◆ Source records ◆
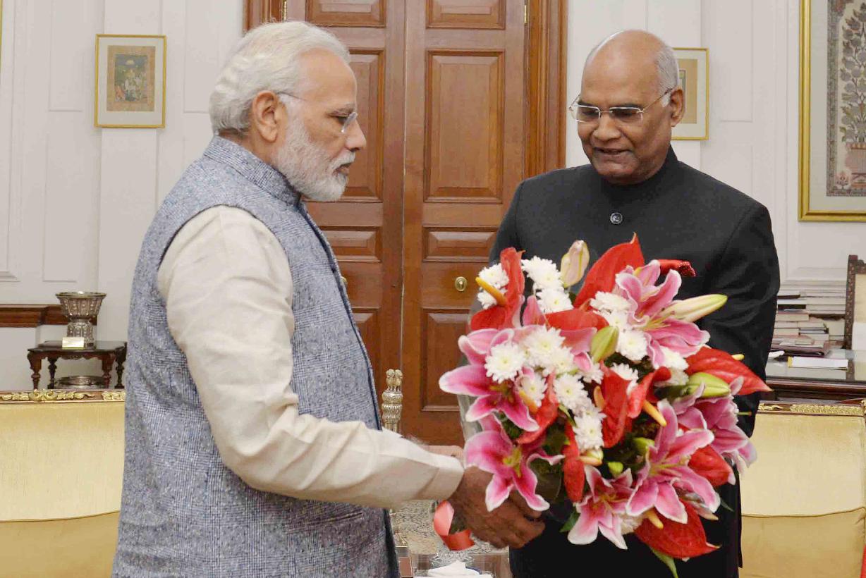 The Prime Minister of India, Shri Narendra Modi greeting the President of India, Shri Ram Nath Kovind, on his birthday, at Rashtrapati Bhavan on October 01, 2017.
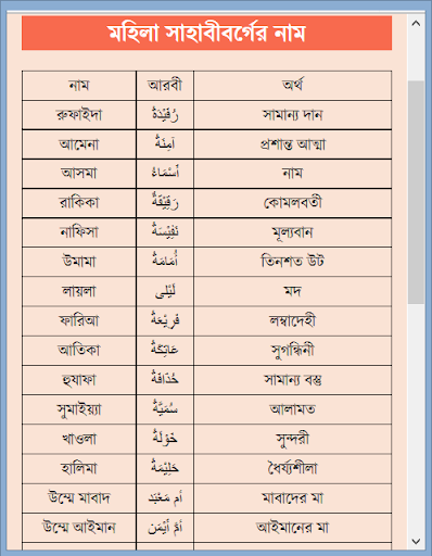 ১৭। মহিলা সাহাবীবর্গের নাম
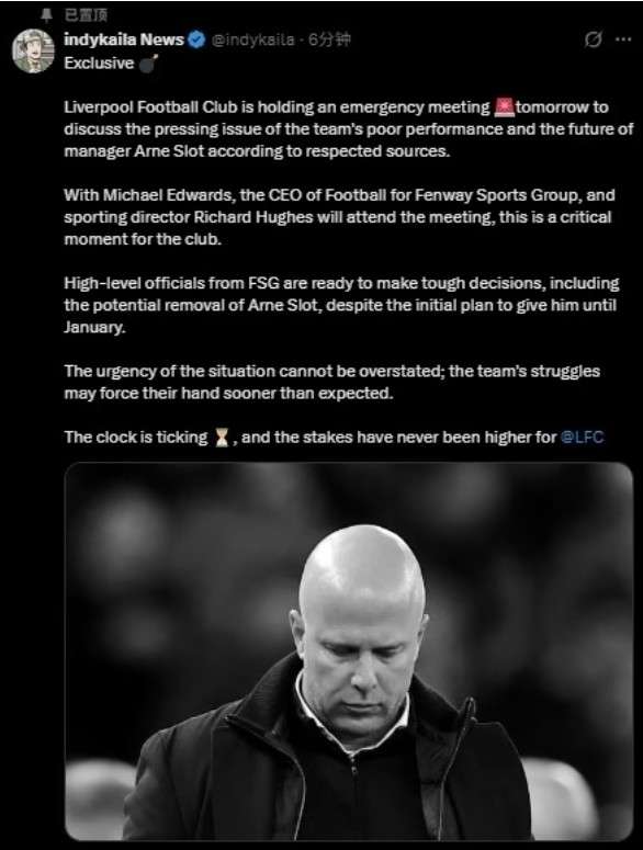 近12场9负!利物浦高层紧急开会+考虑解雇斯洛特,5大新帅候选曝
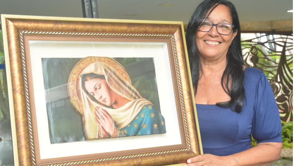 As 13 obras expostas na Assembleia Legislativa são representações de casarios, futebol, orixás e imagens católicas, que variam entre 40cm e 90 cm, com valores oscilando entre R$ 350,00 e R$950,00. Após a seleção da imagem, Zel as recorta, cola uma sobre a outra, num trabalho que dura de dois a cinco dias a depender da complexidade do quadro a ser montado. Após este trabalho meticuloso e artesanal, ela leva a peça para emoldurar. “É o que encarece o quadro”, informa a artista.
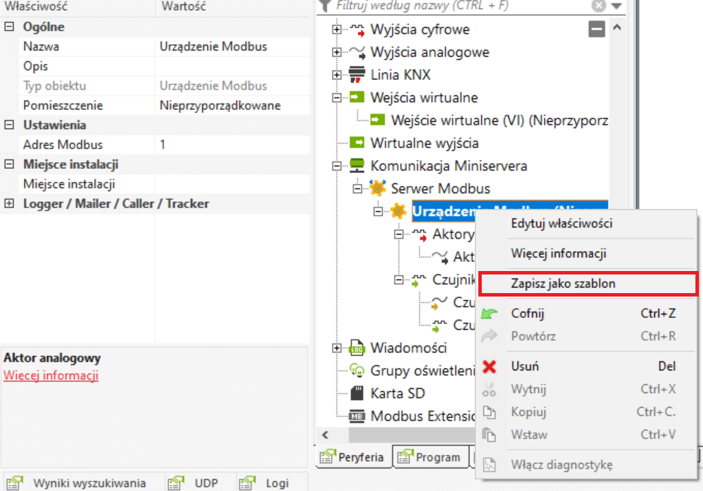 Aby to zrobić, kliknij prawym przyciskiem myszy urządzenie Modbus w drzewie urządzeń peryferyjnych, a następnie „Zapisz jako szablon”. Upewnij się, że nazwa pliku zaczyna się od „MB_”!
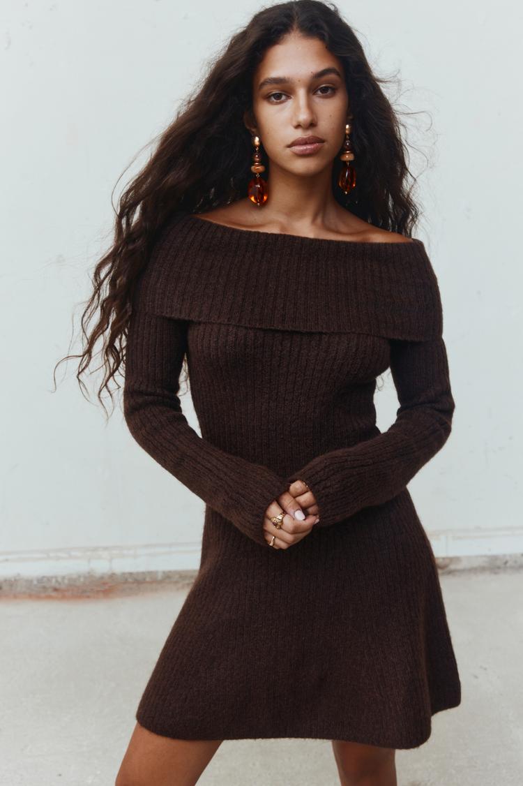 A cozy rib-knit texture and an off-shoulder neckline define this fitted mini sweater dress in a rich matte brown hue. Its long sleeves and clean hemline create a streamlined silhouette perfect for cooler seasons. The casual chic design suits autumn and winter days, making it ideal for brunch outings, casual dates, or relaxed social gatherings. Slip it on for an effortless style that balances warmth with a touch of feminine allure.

◆ Exercise objective ◆
Reproduce exactly the lines above starting at the line containing "১৭। মহিলা সাহাবীবর্গের নাম" and ending at the line containing "As 13 obras", including both, but not the pictures.

◆ Exercise answer ◆
 ১৭। মহিলা সাহাবীবর্গের নাম
 近12场9负!利物浦高层紧急开会+考虑解雇斯洛特,5大新帅候选曝
 As 13 obras expostas na Assembleia Legislativa são representações de casarios, futebol, orixás e imagens católicas, que variam entre 40cm e 90 cm, com valores oscilando entre R$ 350,00 e R$950,00. Após a seleção da imagem, Zel as recorta, cola uma sobre a outra, num trabalho que dura de dois a cinco dias a depender da complexidade do quadro a ser montado. Após este trabalho meticuloso e artesanal, ela leva a peça para emoldurar. “É o que encarece o quadro”, informa a artista.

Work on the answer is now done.